The Board of Managers of the Amherst Condominium, Respondent, v CC Ming (USA) Ltd. Partnership, Appellant, et al., Defendants.
[764 NYS2d 271]
[MAJORITY]
—Order, Supreme Court, New York County (Shirley Kornreich, J.), entered March 12, 2002, which, inter alia, denied the motion of defendant CC Ming (USA) Ltd. Partnership for partial summary judgment dismissing that part of plaintiff condominium’s action seeking to foreclose upon the condominium unit lien dated March 13, 2000 for CC Ming’s failure to pay condominium common charges representing litigation and professional fees incurred by plaintiff in prior actions and proceedings between plaintiff and CC Ming, unanimously affirmed, with costs.

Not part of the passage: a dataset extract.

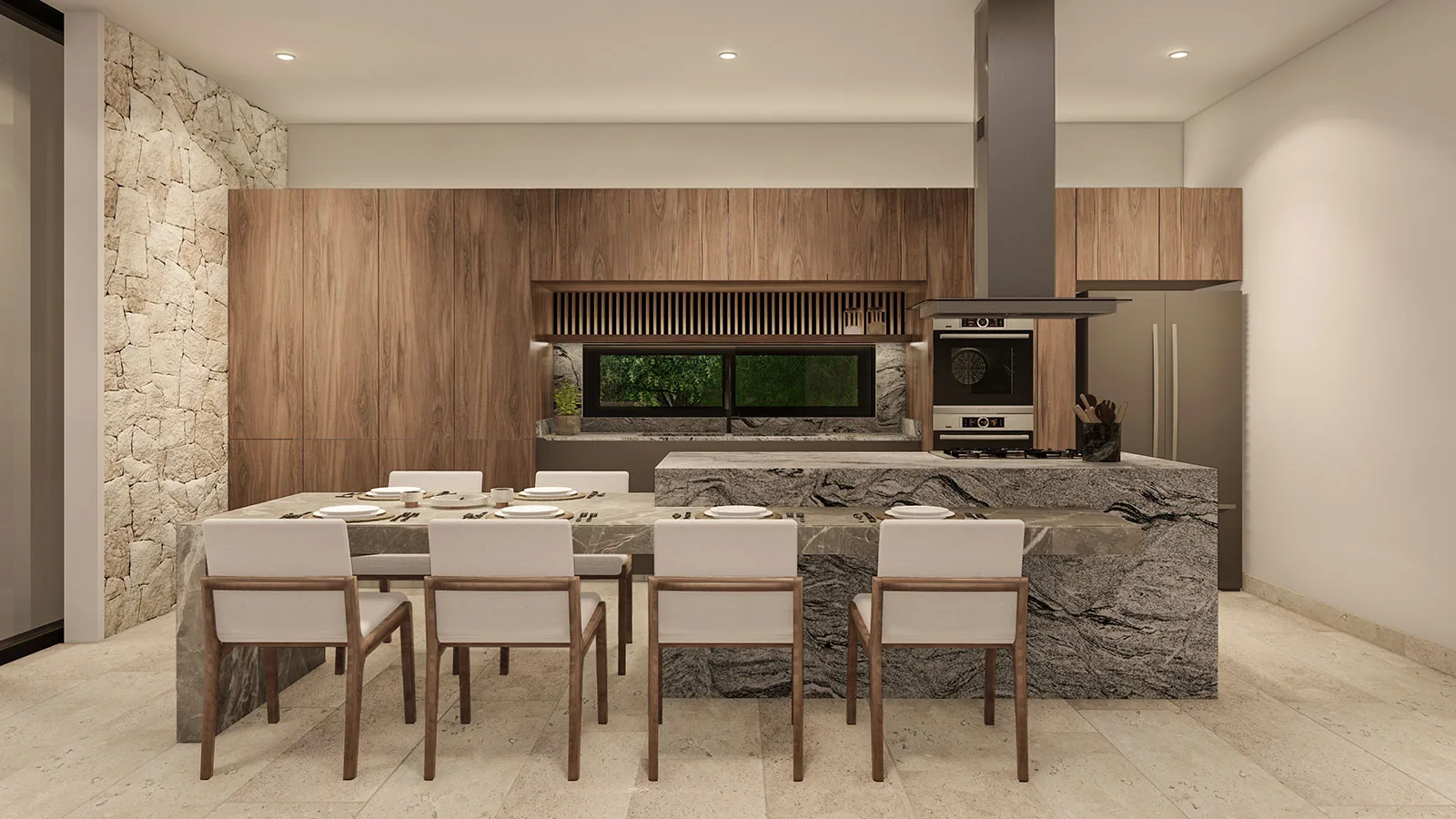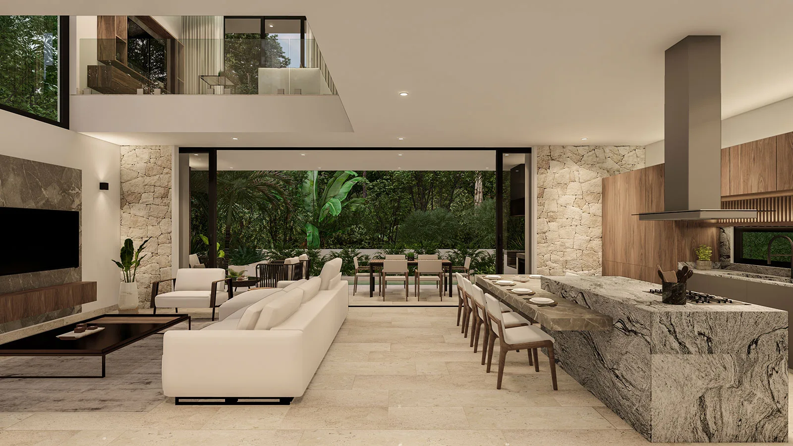 The home features floor-to-ceiling windows that provide abundant natural light and seamless indoor-outdoor living. Finishes include regional hardwoods such as Kumaru and Tzalam, along with marble floors and bathrooms. The kitchen is fully fitted and equipped with top-tier appliances, and there is a dedicated laundry area.

While it is generally impermissible to seek litigation fees related to the prosecution of an action in a separate action without an order severing the claim (see e.g. 930 Fifth Corp. v King, 42 NY2d 886, 887 [1977]; 815 Park Ave. Owners v Metzger, 250 AD2d 471 [1998]), here the doctrine against “splitting” a cause of action is not properly invoked to prevent plaintiff condominium from asserting its claim for legal fees incurred in prior litigation with defendant CC Ming since plaintiff’s recovery of such legal fees by means of subsequently imposed common charges is expressly authorized by the condominium bylaws. CC Ming, as a unit owner, agreed to the separate assertion of plaintiff condominium’s recoupment claim by voluntarily agreeing to be governed by the condominium bylaws (see Matter of Levandusky v One Fifth Ave. Apt. Corp., 75 NY2d 530 [1990]). Contrary to CC Ming’s contention, the subject bylaws do not condition the right of the condominium to recoup litigation-related expenses as common charges upon a judicial determination that a unit owner breached or violated a bylaw provision. Concur — Andrias, J.P., Saxe, Sullivan, Rosenberger and Marlow, JJ.